Summary: In Ithilien, Frodo is taken captive by the Haradrim and rescued by Faramir.
Disclaimer: I don't own anyone. Wish I did ;).
Rated: Pg 13
AN:This very short last chapter is for i_o_r_h_a_e_l - as is the rest of the story, because without her drabble this story would not have been written.
Thank you niphrandl for donating a title when I could not think of one.

Warning: unbeta-ed. Will read through the whole of the story for continuity and coherence one day soon. It would be great if somebody could have a look at it for spelling and grammar issues when I have done so.
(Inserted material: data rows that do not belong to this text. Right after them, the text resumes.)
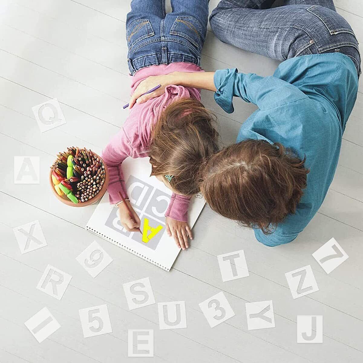 YFFSFDC ステンシルシート 角文字レター アルファベット数字製図看板の作成 描画テンプレート7.5*7.5cm大文字A-Zと0-9 DIY絵画塗装道具繰り返し利用耐久性 (36枚セット)
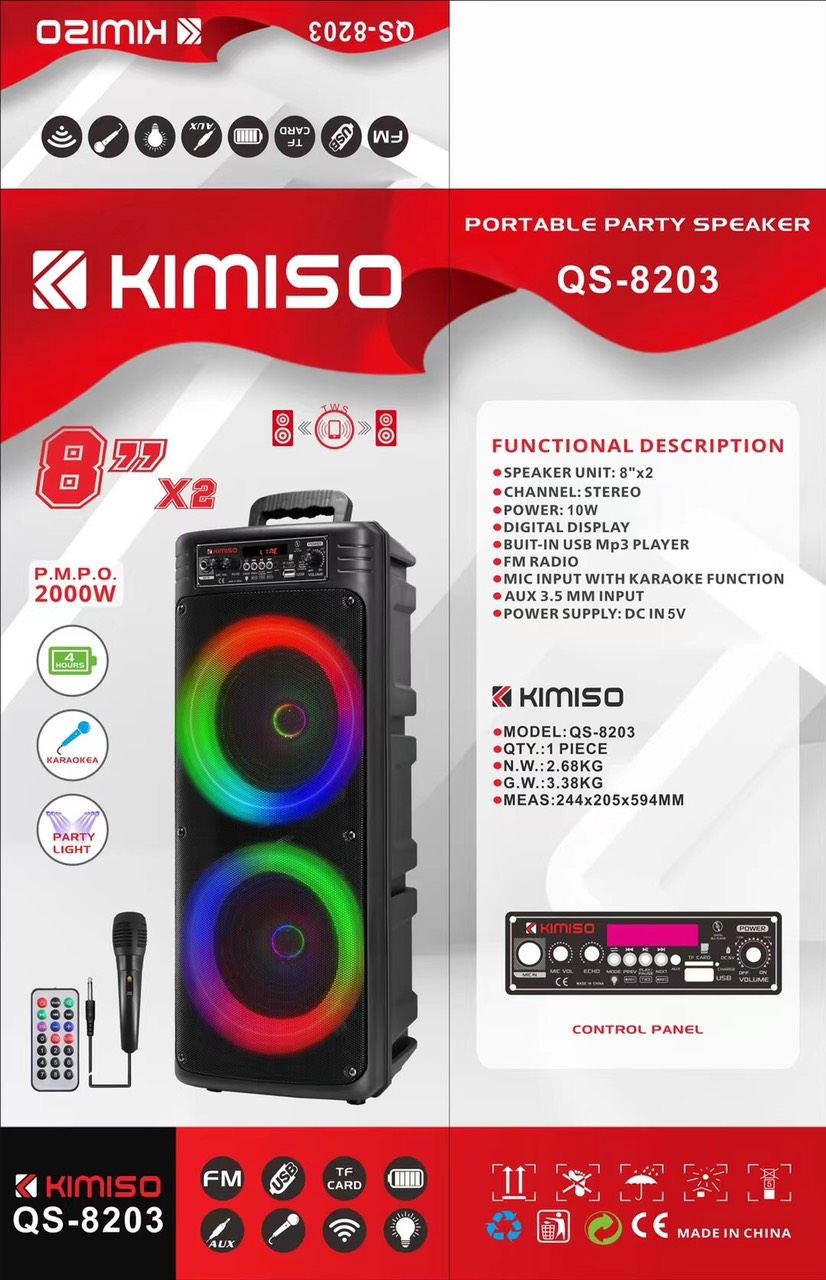 Loa Kéo Di Động Karaoke KIMISO QS-8203 (Bass đôi 8x2, 1 Micro có dây) Liên hệ Số lượng :
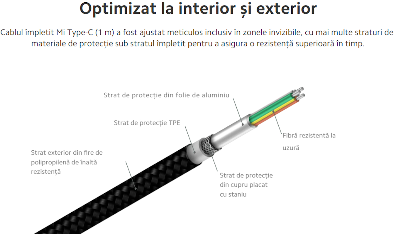 – realizat din TPE + fibra de sticla, standard YD/T 1591-2009: cablu impletit, robust si durabil; lungime: 1.0 m, greutate 40 g
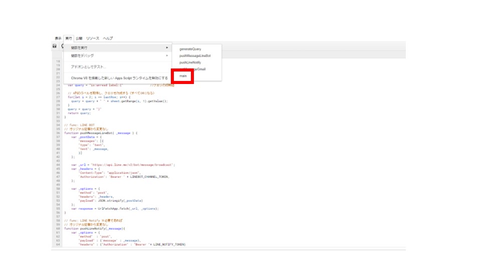 保存したら、実行>関数を実行>mainを実行します。このとき、Googleのセキュリティのダイアログが出てきますが、自分でしていることですので、気にせずに認証を与えて続行していきます。
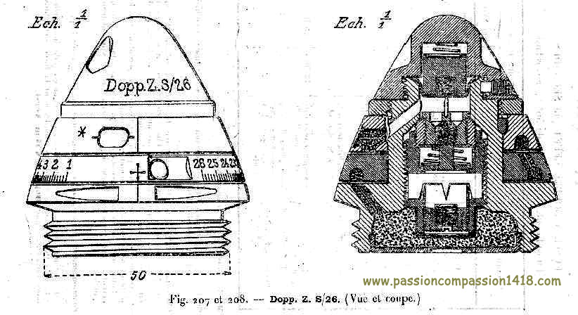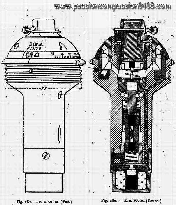 fuze ZsWM. Markings 'Z.s.W.M. - (losange in circle) - 1913 - (losange in circle)' |
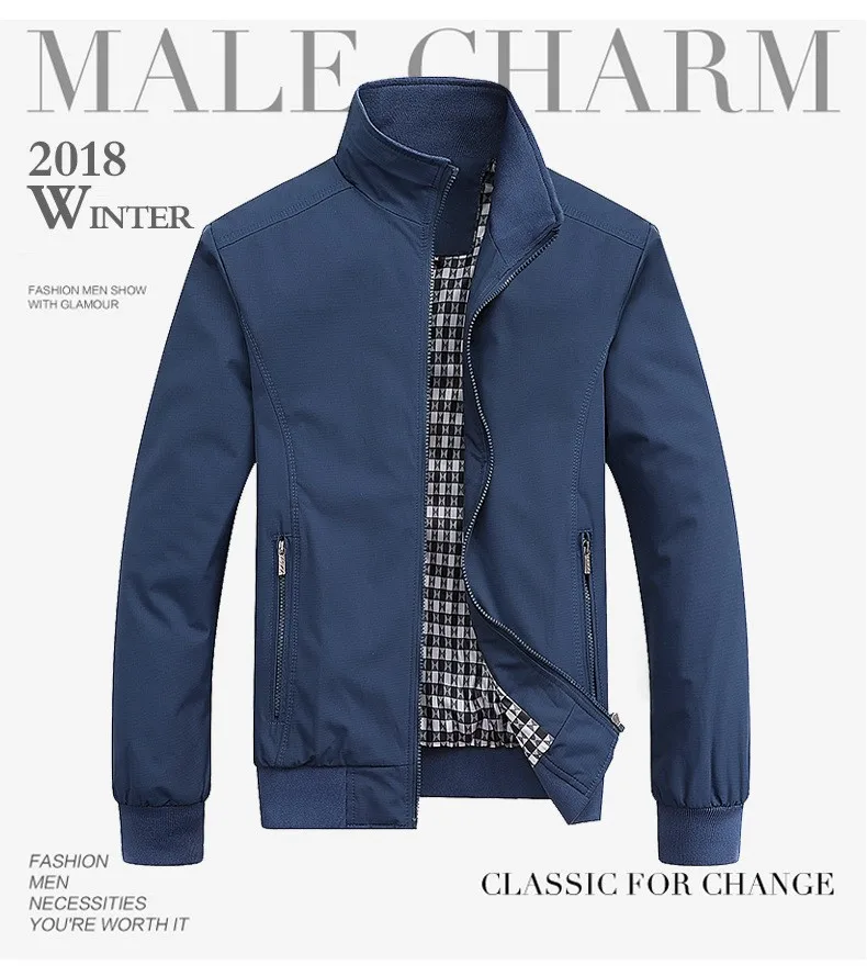 Сезон весна-осень; Мужская куртка-бомбер Повседневная Рабочая стойк...

Links to previous chapters:
Chapter one – by Iorhael
Chapter two
Chapter three
Chapter four
Chapter five
Chapter six, part one,
Chapter six, part two
Chapter seven, part one
Chapter seven, part two
Chapter eight
Chapter nine
Chapter ten
Chapter eleven

In Rohan, fires spread in the gloom of a sunrise darkened by the rising evil in the East. Like fireflies, burning the brightest in the last moments of their life, sparks flew across the dark landscape, igniting gems of fiery destruction wherever they landed: on thatched roofs and hay carts, dry grass, wooden interiors. The fires turned corners, entered through bashed-in doors, feasted on laundry lines and wooden window frames, swept over rugs and blankets. It climbed in through windows and chimneys, inexorably filling the air with the smell of things not meant to burn: birds and rats, cribs and duvets, hair and skin.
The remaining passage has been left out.